#  > Faadoo Engineers Zone - For Students in Engineering Colleges >  > Engineers Discussion Zone - Ask and resolve queries and so much more.. >  >  Future in embedded system

## ankithiranwal

can anybody tell me , the scope in Embedded field after B.tech in EC.
and what additional training requirement for this ???





  Similar Threads: Embedded System Embedded system lab manual Role of Internet Technology in Future Mobile Data System Embedded system 8051mc Embedded System ECE 606 CUSAT

----------


## Saumya

> can anybody tell me , the scope in Embedded field after B.tech in EC.
> and what additional training requirement for this ???


[MENTION=5300]ankithiranwal[/MENTION]- Embedded systems has a lot of scope in future. I am listing out the possible career paths for you--

1. You can move to the ever growing field of robotics after completing your engineering.
2. You can move to automation technology. This sector is growing at a very rapid pace and offers good opportunities for freshers and experienced pros alike.
3. You can move to hardcore electronics companies like nvidia, intel, ST Microelectronics etc.
4. You can chart out a career in IT companies like TCS, HCL. Both these companies offer very good opportunities in the field of embedded systems.

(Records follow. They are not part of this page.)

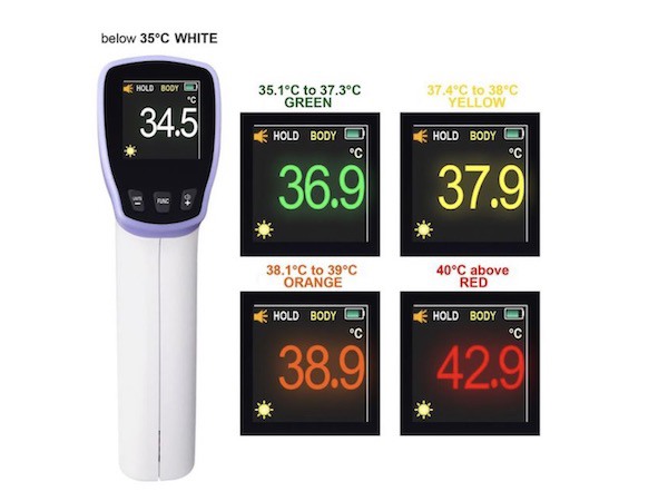 The HT20 thermometer features counts on color led display, audible fever alarm, and color indicator of temperature. The colored LED display is incredibly useful for quick fever detection with five color zones for stand-by, normal, caution, high, and severe temperatures. Users can utilize modes to select human body or objects and display minimum, maximum, and average values. Temperature measurements range 32.0°C to 42.9°C (89.6°F to 109.2°F).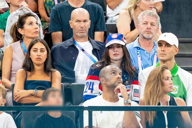 Zinédine Zidane, sa femme Véronique, Kendall Jenner, Tony Parker avec sa compagne Agathe Teyssier - Les célébrités assistent aux épreuves de Gymnastique artistique féminine, finale du concours général lors des Jeux Olympiques de Paris 2024 (JO) au Palais omnisports Bercy Arena, à Paris, France, le 1er août 20241. © Jacovides-Perusseau/Bestimage Celebrities attend the Women's Artistic Gymnastics All-Around Final during the Paris 2024 Olympic Games (Olympics) at Palais Omnisports Bercy Arena in Paris, France, August 1, 20241.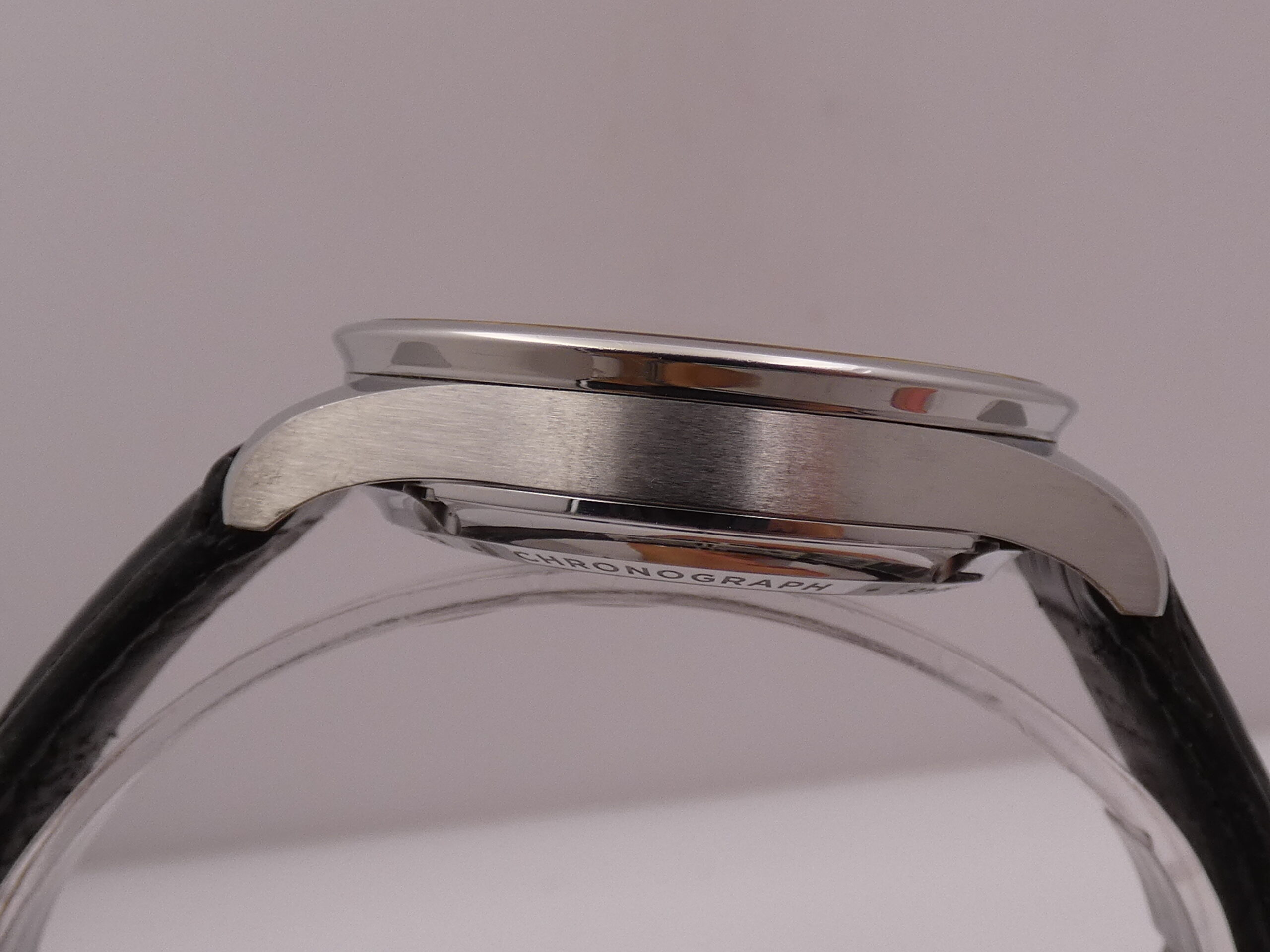 Dial: Black, with steel and raised Arabic numerals, steel leaf-shaped hands, running seconds at 6 o’clock, chronograph minutes at 12 o’clock, center chronograph seconds, 60-minute scale on the flange, IWC logo at 3 o’clock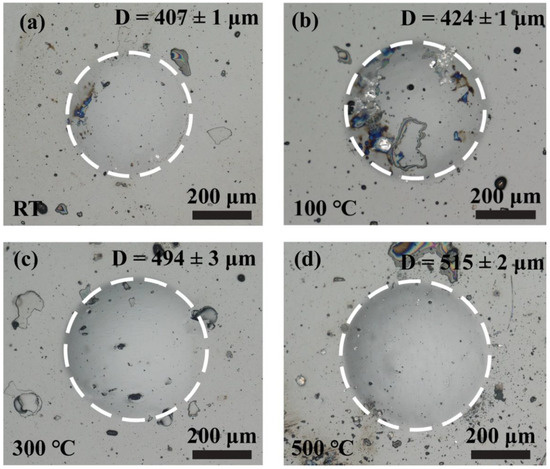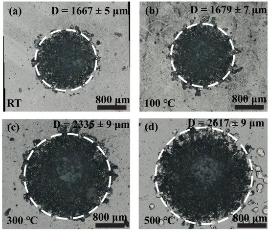 Figure 5 shows the surface topography of Cr/W-DLC/DLC multilayer films without sand. When the impact cycle is 104, the area of impact increase gradually with the temperature rise. The diameter of wear areas increases from 407 μm at RT to 515 μm at 500 °C. This finding may be due to the decrease in substrate hardness (substrate softening) caused by the increase in temperature [33,34]. The surface topography of Cr/W-DLC/DLC multilayer films shows no cracks and coating damage in the wear area. This condition indicates the film has good adhesion properties and thermal stability [35]. At the same time, the considerable increase in temperature did not cause the significant increases in wear area because work hardening occurs on the surface of the wear scars during the impact process, thereby increasing the surface strength and improving the wear resistance [36].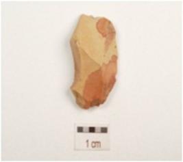 | Description / विवरण | A end struck utilized flake with double ridge on surface, trapezoidal section, slightly chipped off diffused bulb on ventral and use wear marks on edge. |
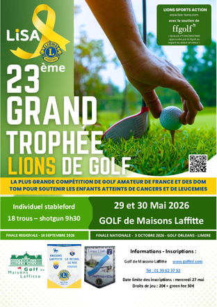 Les Lions Club de Maison Laffitte – Le Mesnil le Roi et Sartrouville organisent, les vendredi et samedi 29-30 mai, un Concours de Qualification au Golf de Maisons-Laffitte dans le cadre du 23e Grand Trophée Golf Lions 2026.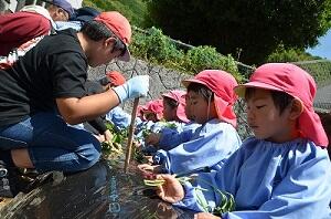 地域おこし協力隊の村上さんにおいでいただき、諸塚村の魅力について話を聞いたり体験をしたりしました。自然を生かしていることや、様々な分野で教える先生がたくさんいらっしゃること、昔ながらのものづくりがあることなど、たくさんの魅力を話してくださいました。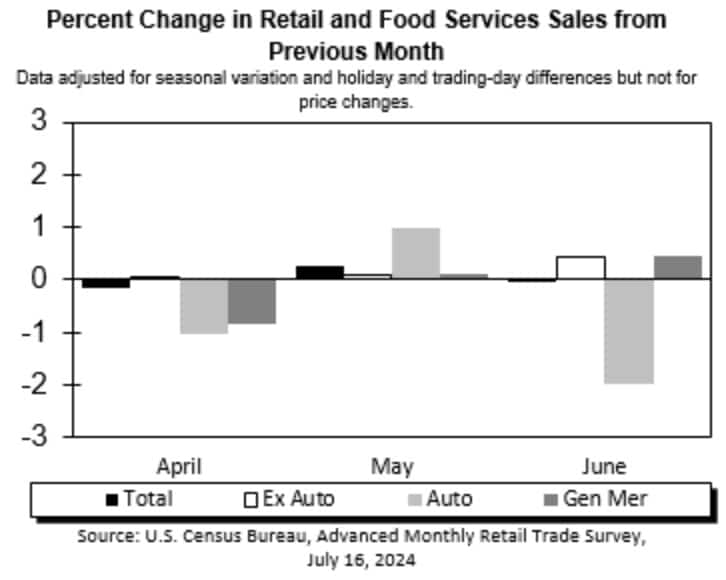 Sprzedaż detaliczna z wyłączeniem samochodów, benzyny, materiałów budowlanych i usług gastronomicznych wzrosła w czerwcu o 0,9% po wzroście o 0,4% w maju. To tak zwana podstawowa sprzedaż detaliczna, która najmocniej odpowiada składnikowi wydatków konsumpcyjnych produktu krajowego brutto. W pierwszym kwartale gospodarka USA rosła o 1,4% rocznie, szacunki dla II kw. sugerują 2% wzrost.

So i believe it could be a very impressive choice if you do it from a good college and study well...  :):

----------


## ankithiranwal

thank you somya...

----------


## bhaumikbhatt

Sorry for bringing up an old thread, but I want to know how companies are recruiting for embedded systems jobs? Are they?

----------


## apurvadave

yaa... Embedded system has very bright future

----------


## gayathri16

Embedded system needs good understanding on the micro core architecture from Intel . When one is having good knowledge here they will obtain good jobs in networking , automotive and aronotic engineering . Who ever are interested in the VLSI technologies can enter in to the field of low level driver designs like SPI,I2C e.t.c on the VLSI chips . All the best for ur future for those who are interested ..

----------